Novel Yasa merupakan novel teenlit yang menceritakan tentang seorang laki-laki bernama Yasa yang sejak duduk di bangku Sekolah Menengah Pertama dikejar-kejar oleh Daza, si cewek berambut sebahu dengan lesung pipi di wajahnya.
Pertemuan pertama mereka di bus ternyata sukses membuat Daza jatuh cinta pada Yasa. Namun sayangnya, Yasa yang saat itu menjadi kakak kelas Daza tidak memiliki perasaan yang sama dengannya. Terlebih karena sifat manja, konyol, dan agresif Daza semakin membuat Yasa bergidik ngeri tiap kali bertemu dengan perempuan itu.
Segala cara Daza lakukan untuk mendapat perhatian Yasa dan tentunya hal tersebut membuat masa-masa SMP Yasa menjadi tidak tenang. Yasa dapat merasakan ketenangannya ketika akhirnya ia lulus dan melanjutkan ke jenjang Sekolah Menengah Atas. Akan tetapi, ketenangan tersebut harus berakhir ketika Yasa mendapatkan Daza bersekolah di tempat yang sama dengannya lagi. Iya, Yasa satu SMA dengan Daza!

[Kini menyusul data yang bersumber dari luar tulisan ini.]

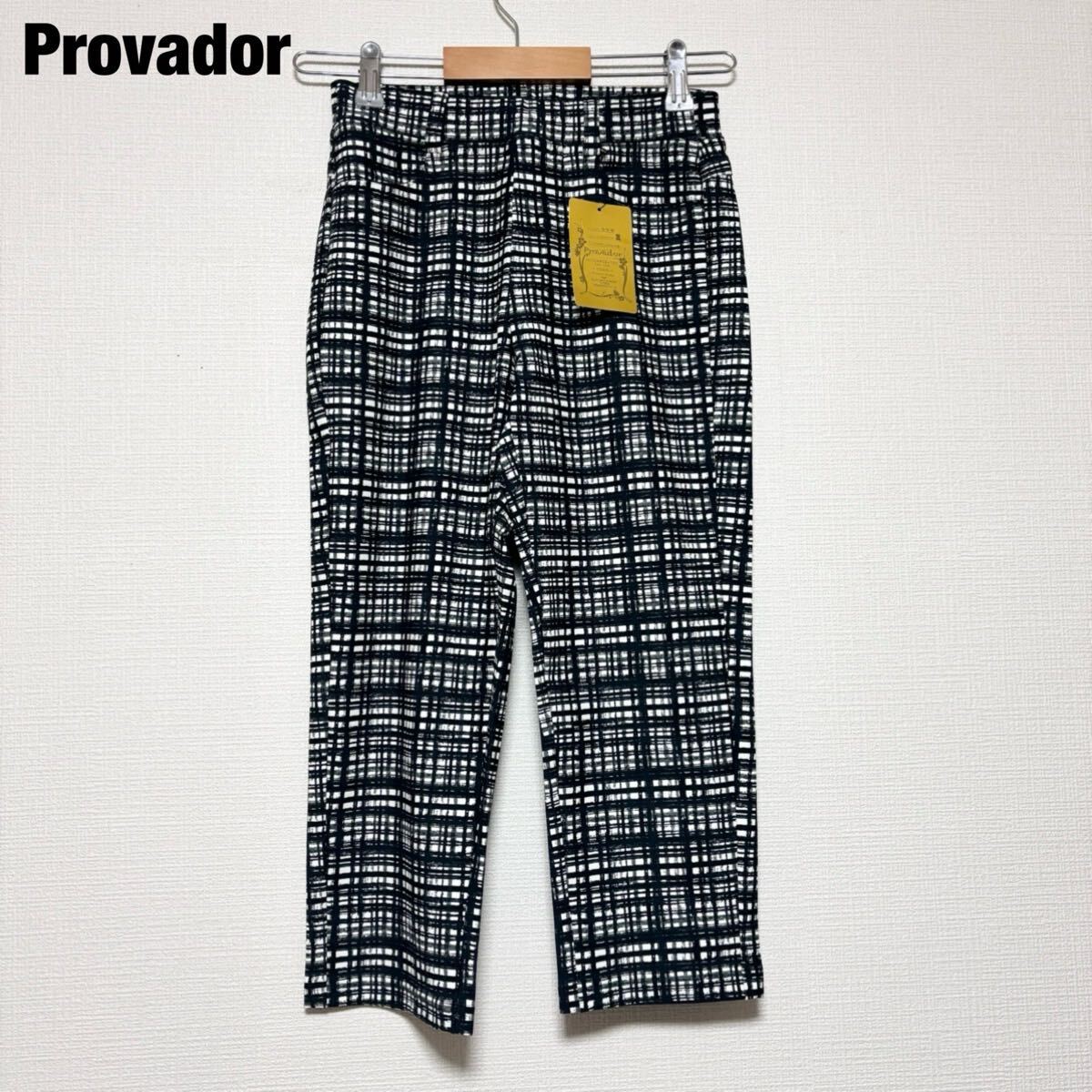 > 新品 タグ付き 未使用 Provador プロバドール レディース パンツ テーパード ストレッチ スラックス クロップド 半端丈 総柄 青 白 S
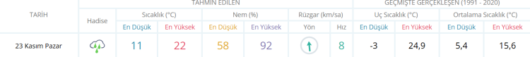 Nem oranının gün boyunca yüzde58 ile yüzde 92 arasında değişeceği tahmin edilirken, rüzgârın düşük seviyede kalacağı ve yaklaşık 8 km/sa hızla eseceği bildirildi.

Siang itu, Yasa diminta rekan satu ekstrakulikuler jurnalistiknya untuk menjaga booth ekskul mereka. Oleh karena itu, dengan berat hati Yasa melakukannya walaupun seharusnya bukan giliran Yasa untuk menjaga booth tersebut.
Di siang itu pula Yasa baru mengetahui bahwa Daza ternyata masuk ke sekolah yang sama dengannya dan parahnya lagi Daza mendaftar ekskul jurnalistik juga serta memilih divisi yang sama dengannya, yaitu camera person. Hal tersebut tentu suatu bencana besar menurut Yasa, namun bagi Daza hal tersebut justru sebaliknya. Daza merasa keberuntungan sedang berpihak padanya.
Pertemuan mereka di booth ekskul jurnalistik tersebut membawa Daza kembali mendekati Yasa dengan segala tingkah brutalnya. Yasa benar-benar muak dibuatnya dan berusaha dengan mati-matian untuk menghindari Daza. Walau Yasa sudah mencoba menghindar dan bersikap cuek, Daza tetap melakukan segala tingkah brutalnya untuk mendapatkan perhatian Yasa. Yasa sudah mencoba sabar, namun pada suatu situasi Yasa sudah tidak dapat menahan emosinya lagi.
Yasa mencari waktu yang tepat untuk menegur Daza dan keputusannya jatuh pada saat sesi wawancara anggota baru ekskul jurnalistik. Yasa sengaja meminta temannya agar dia yang mewawancarai Daza.
Awalnya, Daza merasa senang mengetahui bahwa Yasa yang akan mewawancarainya. Akan tetapi, ketika wawancara mulai, Daza sangat terkejut saat Yasa mulai menyerangnya secara pribadi. Yasa memang sering menolaknya, tapi ucapan Yasa pada saat wawancara saat itu benar-benar menyayat hati Daza. Bahkan dalam situasi tersebut Daza tidak tau mau merespon apa selain merampas kertas data dirinya dari Yasa dan pergi meninggalkan Yasa yang merasa perbuatan yang ia lakukan sudah benar.
Sejak kejadian itu, Daza yang sakit hati pun memutuskan untuk berhenti mengejar laki-laki penikmat fotografi tersebut dan memutuskan untuk move on. Dari kejadian itu pula, Daza benar-benar tidak pernah mengganggu Yasa lagi. Bahkan saat mereka berpapasan dan tidak sengaja bertatapan, Daza adalah orang pertama yang membuang mukanya. Awalnya Yasa merasa bahwa tindakannya tersebut benar dan membuahkan hasil yang sesuai dengan apa yang ia inginkan. Masa-masa di mana Daza tidak mengganggu dirinya lagi adalah masa-masa yang menenangkan.
Namun, lagi dan lagi ketenangan tersebut harus Yasa telan kembali ketika ia mengetahui suatu fakta tentang Daza. Fakta yang mampu membuat Yasa merasa apa yang sudah ia lakukan kepada Daza adalah suatu perbuatan yang fatal. Yasa mencoba menyanggah fakta tersebut, namun apa boleh buat. Semakin ia menyanggah semakin kuat bukti-bukti yang mengarahkan bahwa fakta tersebut adalah benar. Novel karya Ega Dyp ini akan menceritakan bagaimana Yasa menebus segala kesalahannya kepada Daza yang sudah terlanjur sakit hati dengannya.
Tentu sudah sangat sulit membalikkan kembali hati Daza yang terlanjur beku oleh karena perbuatannya sendiri. Kesulitan Yasa bertambah berkali-kali lipat ketika ia juga dihadapi masalah-masalah lainnya. Lantas, cara apa yang Yasa lakukan untuk mencairkan hati Daza yang terlanjur beku oleh karena dirinya? Apakah laki-laki tersebut masih mendapatkan kesempatan dari Daza walaupun rasa sukanya terlanjur disalahartikan?